- **EXERCISE INSTRUCTIONS**
Dropping every picture, set down exactly the lines in the entries below, starting with the line with "Площадь Воинской славы" and going on through the line with "- Изваждам шоколадовата".

- **TASK DATA**
········
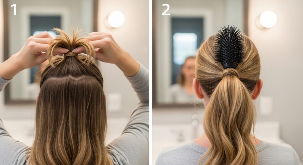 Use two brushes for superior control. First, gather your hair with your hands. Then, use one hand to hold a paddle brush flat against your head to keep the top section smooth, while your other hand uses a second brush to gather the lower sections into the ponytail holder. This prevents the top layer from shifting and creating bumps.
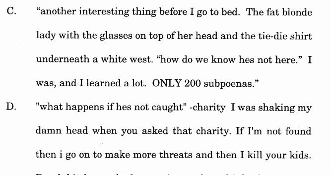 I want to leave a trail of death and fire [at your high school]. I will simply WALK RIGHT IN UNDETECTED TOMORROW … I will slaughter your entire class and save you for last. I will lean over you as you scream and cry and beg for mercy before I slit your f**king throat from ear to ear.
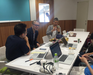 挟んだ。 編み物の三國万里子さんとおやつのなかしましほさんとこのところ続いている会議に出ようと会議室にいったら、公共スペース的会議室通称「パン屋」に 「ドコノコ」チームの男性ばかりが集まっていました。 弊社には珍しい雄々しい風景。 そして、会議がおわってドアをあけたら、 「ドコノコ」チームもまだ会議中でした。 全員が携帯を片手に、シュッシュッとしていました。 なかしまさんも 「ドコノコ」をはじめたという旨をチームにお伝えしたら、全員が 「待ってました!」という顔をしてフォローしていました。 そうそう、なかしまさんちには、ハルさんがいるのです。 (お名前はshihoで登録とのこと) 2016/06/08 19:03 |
········
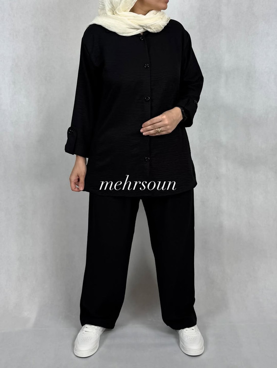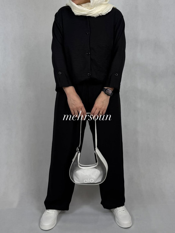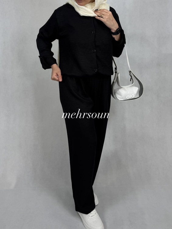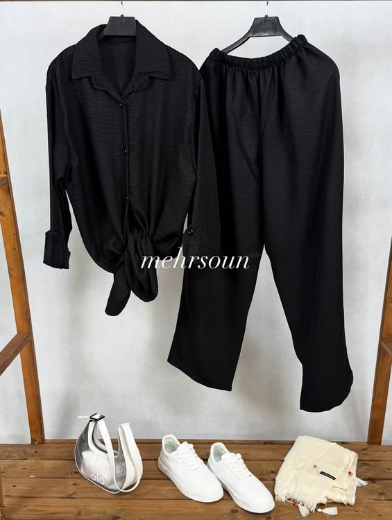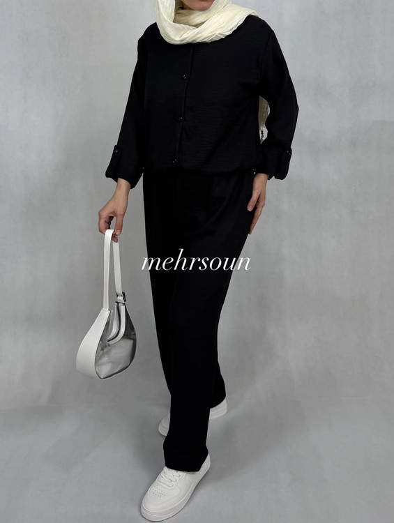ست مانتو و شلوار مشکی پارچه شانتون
········
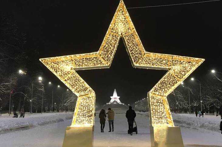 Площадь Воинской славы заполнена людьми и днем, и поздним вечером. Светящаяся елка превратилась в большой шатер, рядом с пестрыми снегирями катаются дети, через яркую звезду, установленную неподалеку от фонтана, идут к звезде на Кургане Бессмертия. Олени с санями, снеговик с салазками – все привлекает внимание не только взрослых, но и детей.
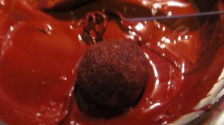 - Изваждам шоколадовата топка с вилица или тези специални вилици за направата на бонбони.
········
- **EXERCISE RESPONSE**
 Площадь Воинской славы заполнена людьми и днем, и поздним вечером. Светящаяся елка превратилась в большой шатер, рядом с пестрыми снегирями катаются дети, через яркую звезду, установленную неподалеку от фонтана, идут к звезде на Кургане Бессмертия. Олени с санями, снеговик с салазками – все привлекает внимание не только взрослых, но и детей.
 - Изваждам шоколадовата топка с вилица или тези специални вилици за направата на бонбони.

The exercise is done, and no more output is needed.